Si ces émissions restent stables, la température augmentera de 4 ° C. « Mayotte subira les conséquences des décisions prises par les grandes puissances », regrette-t-il. Les simulations indiquent une baisse de 30 % des précipitations de mai à octobre, une augmentation de la sévérité des périodes de sécheresse et un nombre de jours de fortes chaleurs bien plus élevé. « Il pourrait représenter plus de six mois de l’année, contre 30 jours actuellement ».

Les cyclones ne seront pas plus nombreux mais plus intenses, augmentant ainsi les dégâts matériels et humains. D’après François Bonnardot, le changement climatique doit être anticipé selon la vulnérabilité d’un territoire : « Pour un même niveau d’élévation de la mer, l’île de Mayotte étant plus basse, elle sera plus impactée que La Réunion. Pour définir la vulnérabilité d’un territoire, il faut croiser les aléas climatiques et les spécificités géographiques ».

INTERVIEW

FLORIANE BEN HASSEN, RESPONSABLE DU CENTRE MÉTÉOROLOGIQUE DE MAYOTTE

Floriane Ben Hassen

• Mayotte est-elle plus vulnérable face au dérèglement climatique ?

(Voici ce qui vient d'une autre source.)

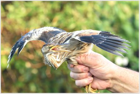 Ook dezer dagen hebben vogelliefhebbers weer volop trekvogels geringd. En ook nu werd het weer een bijzondere vangst want er belandde een woudaapje in de netten. Door zijn beperkte omvang kan deze kleinste reigersoort behendig tussen het riet door klauteren, waarbij de lange tenen vaak meerdere rietstengels tegelijk vastnemen De vogel bleef rustig poseren op de arm van Lode Was. Met een identificatiering mocht de 'aap' terug de vrije natuur in. (foto Stefan Was)22513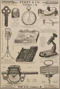 Werbeanzeige für Produkte des Versandhauses Perry & Co. (u. a. Schreibmaschine The Pocket Typewriter) monochrom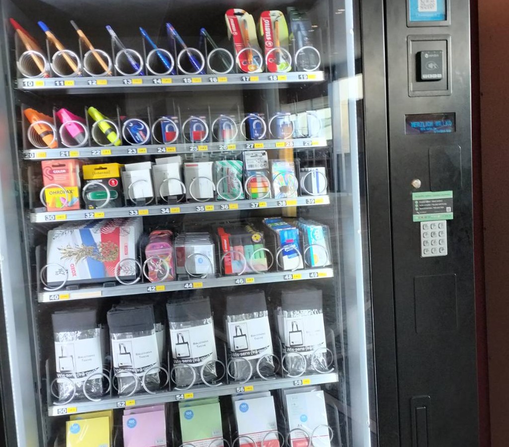 カバンは持ち込めないので、ロッカーに預けます。ロッカーには、南京錠が必要です。南京錠は、最初の1回だけは貸してももらえるのですが、自動販売機でも売っています。自動販売機にはほかにも、透明カバン(館内に私物を持ち込むために使っている人がいます)や筆記用具などが売られていました。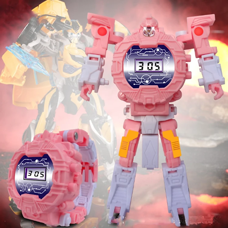 Đồng hồ biến hình robot siêu nhân cho bé gái 5552 màu hồng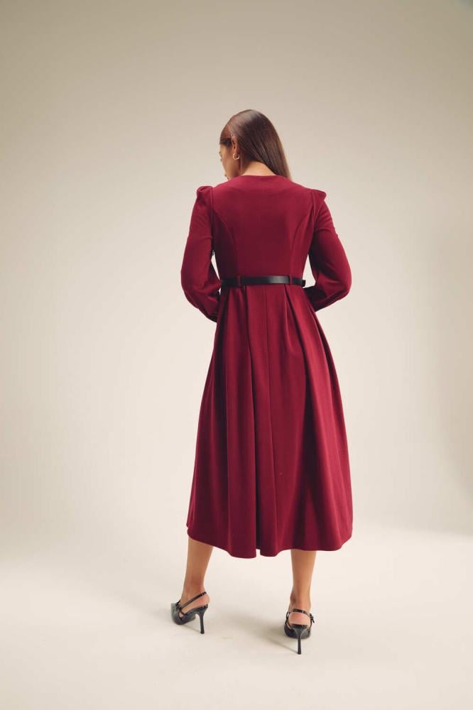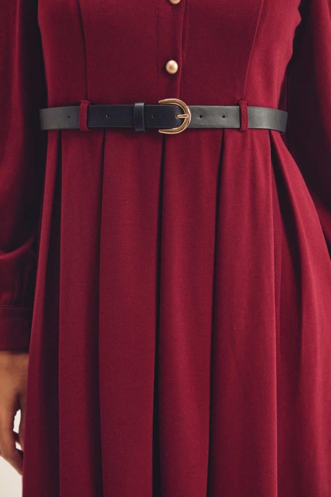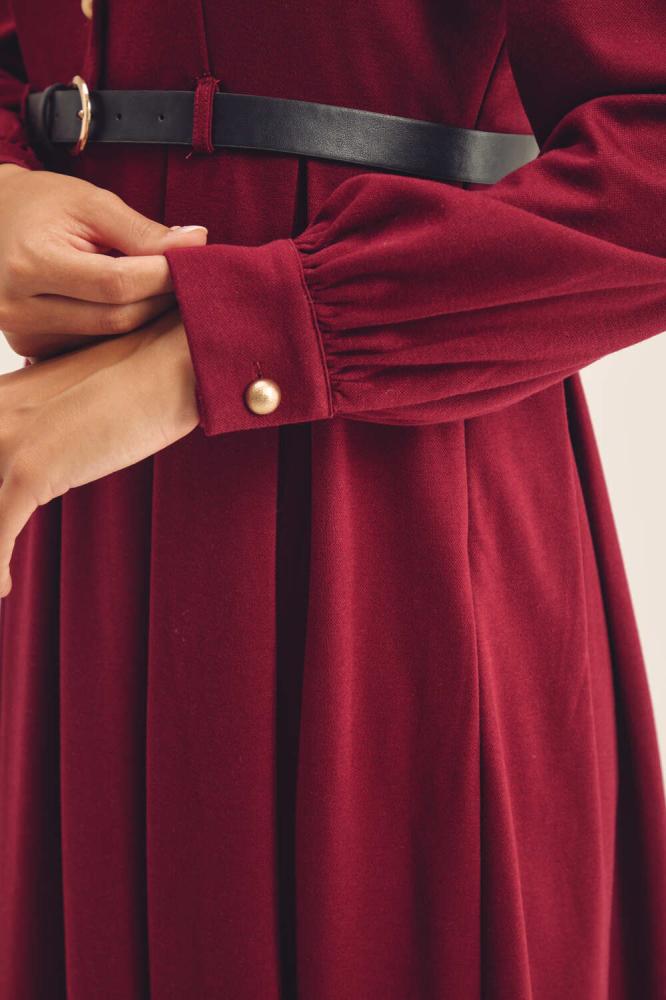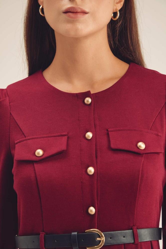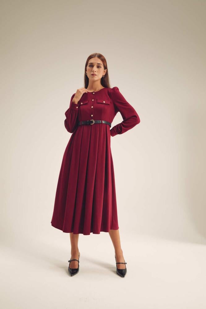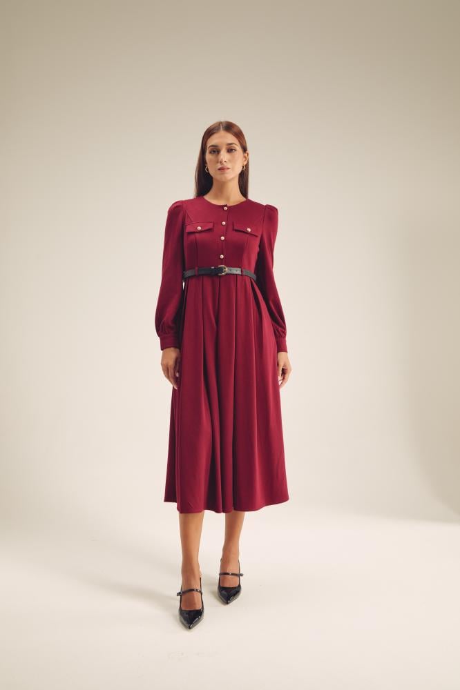 فستان كلاسيكي مفعم بالأنوثة،بتصميم مزين بجيوب وأزرار ذهبية ،ويتميز بأكتاف منفوخة وبقصة ناعمة بتنورة كسرات ، كما ويأتي مع حزام جلد بإبزيم معدني ، نسقية مع إكسسورات لتكملي أناقة مظهرك

C’est un territoire insulaire, il est donc particulièrement sensible à l’évolution du niveau de la mer et aux modifications induites par le changement climatique sur les saisons, notamment lors de celle des pluies.
On constate déjà un raccourcissement des saisons dites « de recharge » en eau des nappes et cette tendance va s’accentuer. Alors que l’île s’est enfoncée de plus de 15 centimètres en 2018 après une crise sismo-volcanique, des quartiers sont déjà inondés. Le littoral de Mayotte est fortement peuplé et des projets d’aménagement du territoire se font encore sur cette zone vulnérable. De nombreux bidonvilles implantés dans les hauteurs sont sujets aux vents et aux glissements de terrains en cas d’aléa cyclonique. La façade la plus peuplée est mécaniquement la plus vulnérable.
En générant une élévation du niveau des océans et des phénomènes météorologiques plus sévères, le changement climatique accélère l’érosion marine, comme ici en février 2023 à Sada, où elle a atteint le mur d’enceinte de l’école maternelle de Mangajou.
© Météo-France

• Quelles sont les conséquences sur l’agriculture et la biodiversité ?

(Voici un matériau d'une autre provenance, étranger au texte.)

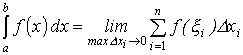 называется интегральной суммой, а ее предел при max Δ xi → 0, если он существует и конечен, называется определенным интегралом от функции f (x) в пределах от а до b и обозначается: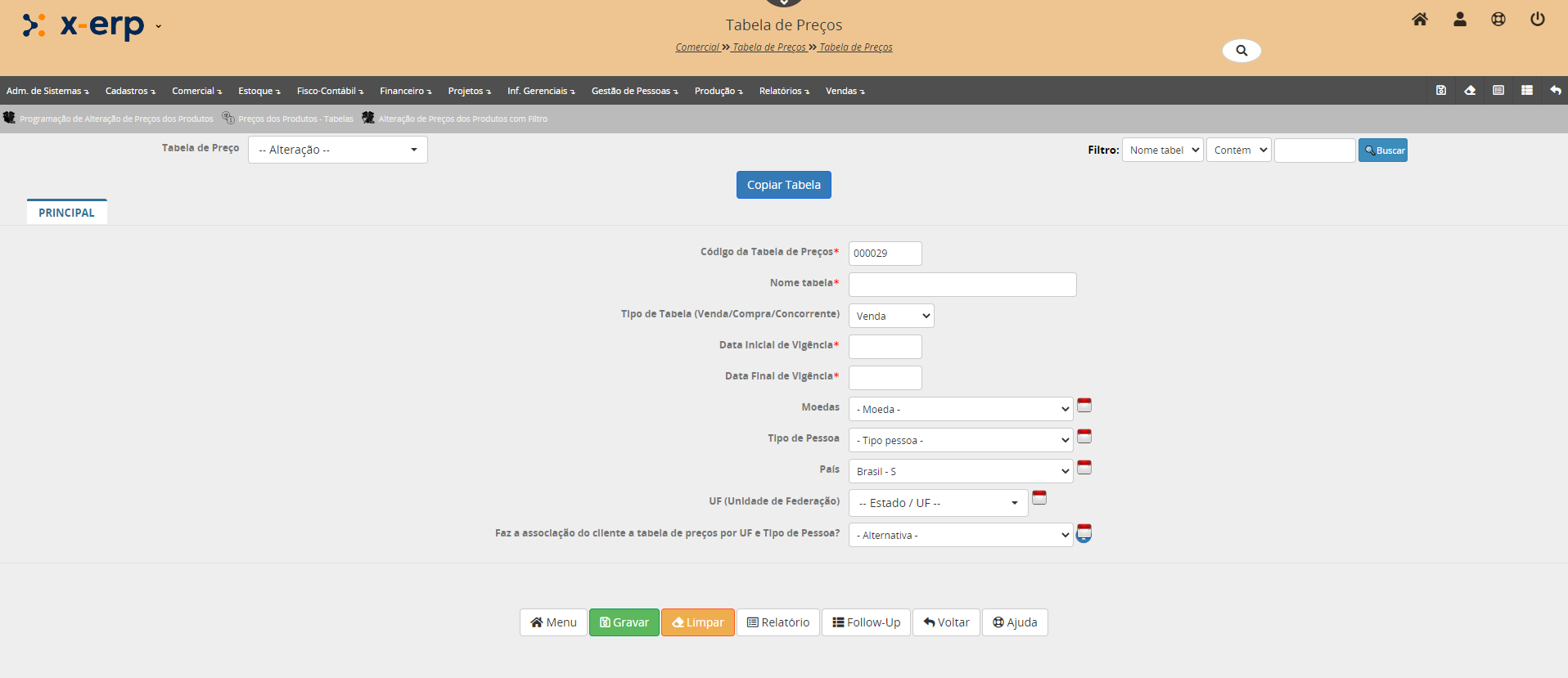 No menu principal, selecione: Comercial > Tabela de Preços > Cópia de Dados entre Tabelas.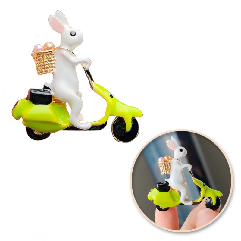 Broszka ozdobna króliczek z jajeczkami na skuterze BZ193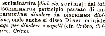 dividere da DISCRIMEN dimione, onde anche si disse Discriminale ago per dividere scriminatura \dial. sic. scrima[: dal laf. ISCRIMINĀTUS parfcicipio passato di -"DIURIMINĀRK i capelli (cfr. Cribro^ Criime. Crine}.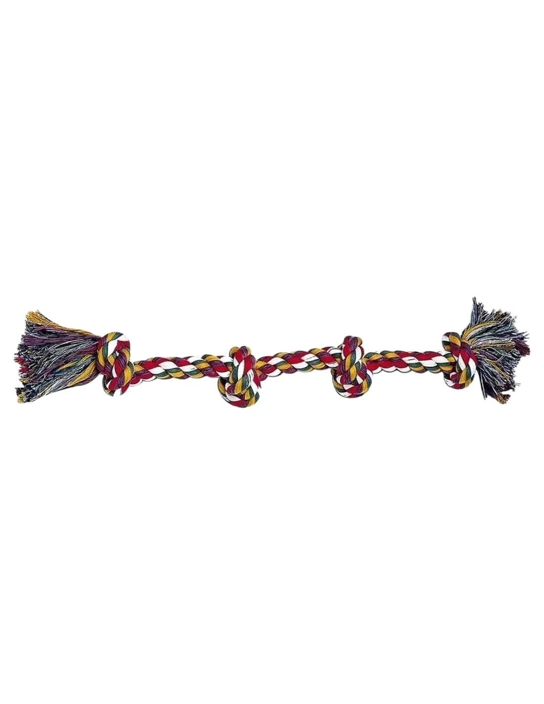 El diseño con cuatro nudos distribuidos a lo largo del juguete permite un fácil agarre por parte del perro, facilitando la masticación y masajeando eficazmente las encías.

Les Mahorais sont confrontés à un important manque d’eau, notamment en période de sécheresse comme cette année. Ce n’est pas sans conséquence sur l’agriculture car la majeure partie de l’agriculture est vivrière et non professionnelle, ce qui ne permet pas de bénéficier des aides européennes de la PAC (Politique agricole commune). Si l’eau venait à manquer, il y aurait une priorisation des usages entre l’agriculture et les besoins en consommation. On observe aussi une importante érosion des sols causée par la déforestation intensive et la monoculture, de manioc et de banane.
Le phénomène de blanchiment des coraux est une des conséquences de l’augmentation de la température de l’eau. C’est très inquiétant car la barrière de corail est fragilisée alors qu’elle joue un rôle protecteur face à la houle et aux phénomènes climatiques extrêmes. La mer gagne du terrain alors que de nombreuses plages ici sont des zones de ponte pour les tortues.

• Comment un territoire si pauvre peut-il faire face ?

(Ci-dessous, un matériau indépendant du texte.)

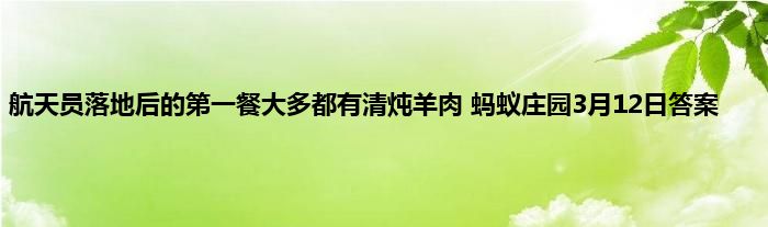 航天员落地后的第一餐,大多都有清炖羊肉,这是因为?蚂蚁庄园3月12日的问题正式公布,如果回答正确就可以领取奖励,可能很多的玩家还不太清楚具体的答案是什么,为了让大家都能领取到小鸡饲料,下面就是蚂蚁庄园小课堂3月12日的答案和答案解析。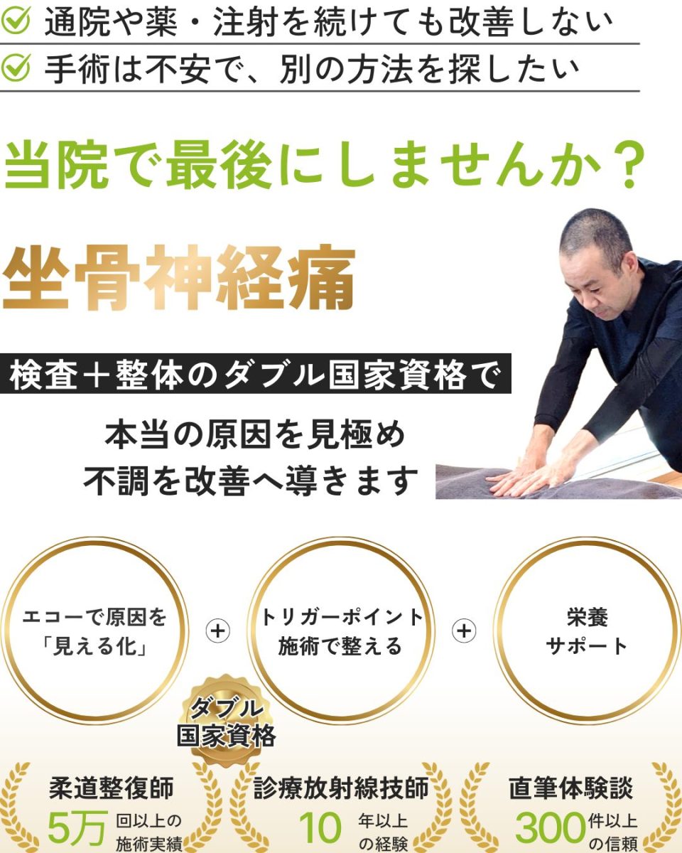 もしあなたがこのような坐骨神経痛でお悩みであれば、当院にお任せください。

L’île est à une étape cruciale de son développement, le changement climatique implique de gros dilemmes. Il faut trouver un équilibre entre les infrastructures nécessaires et la préservation de la biodiversité.
D’un côté, les pouvoirs publics doivent agir pour anticiper le réchauffement climatique, et en même temps, Mayotte a besoin de se développer afin de répondre aux besoins des habitants, alors même que 77 % de la population vit sous le seuil de pauvreté.